WHAT TO WORK ON
Quote every line below exactly and skip any picture.

GIVEN DATA
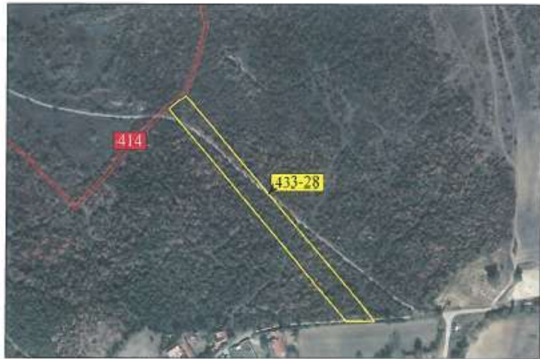
Ortofoto për parcelën nr. 433-28 z.k Dranashiq, Klinë.

Parcela sipas certifikatës së pronësisë evidentohet në emër të NPB Malishgan. Sipërfaqja e përgjithshme e parcelës nr.433-28 është 5401 m 2 (54 ari dhe 1m 2 ), me kulturë: pyjor-mal i klasës 3.
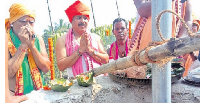
ମନ୍ଦିରର ରତ୍ନମୁଦ ପ୍ରତିଷ୍ଠା କରାଯାଇଛି।

ପୂର୍ଣ୍ଣାହୁତି କାର୍ଯ୍ୟ ସମ୍ପନ୍ନ କରିଥିଲେ। ସିଦ୍ଧେଶ୍ଵର ମିଶ୍ର ଏବଂ ତାଙ୍କ ସହଯୋଗୀ ପୁରୋଧା ବାୟୁ ଚୁଲାଇଥିଲେ।
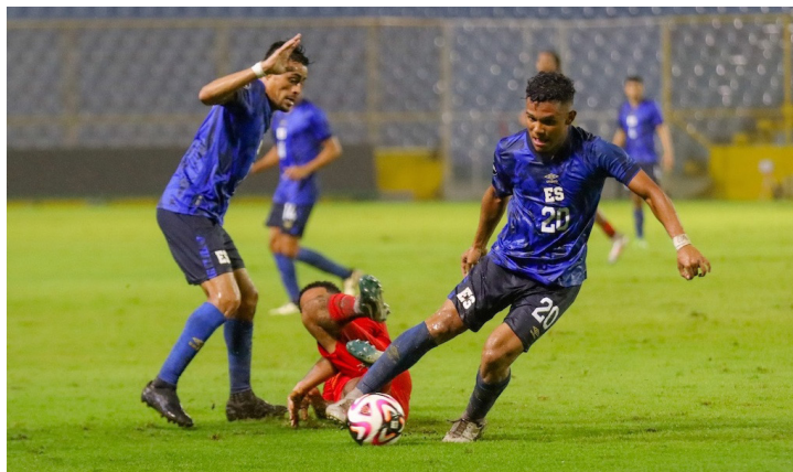
El Salvador vence por la mínima a Montserrat en el Cuscatlán, en la Liga de Naciones de CONCACAF.

ANSWER SPACE
Ortofoto për parcelën nr. 433-28 z.k Dranashiq, Klinë.

Parcela sipas certifikatës së pronësisë evidentohet në emër të NPB Malishgan. Sipërfaqja e përgjithshme e parcelës nr.433-28 është 5401 m 2 (54 ari dhe 1m 2 ), me kulturë: pyjor-mal i klasës 3.
ମନ୍ଦିରର ରତ୍ନମୁଦ ପ୍ରତିଷ୍ଠା କରାଯାଇଛି।

ପୂର୍ଣ୍ଣାହୁତି କାର୍ଯ୍ୟ ସମ୍ପନ୍ନ କରିଥିଲେ। ସିଦ୍ଧେଶ୍ଵର ମିଶ୍ର ଏବଂ ତାଙ୍କ ସହଯୋଗୀ ପୁରୋଧା ବାୟୁ ଚୁଲାଇଥିଲେ।
El Salvador vence por la mínima a Montserrat en el Cuscatlán, en la Liga de Naciones de CONCACAF.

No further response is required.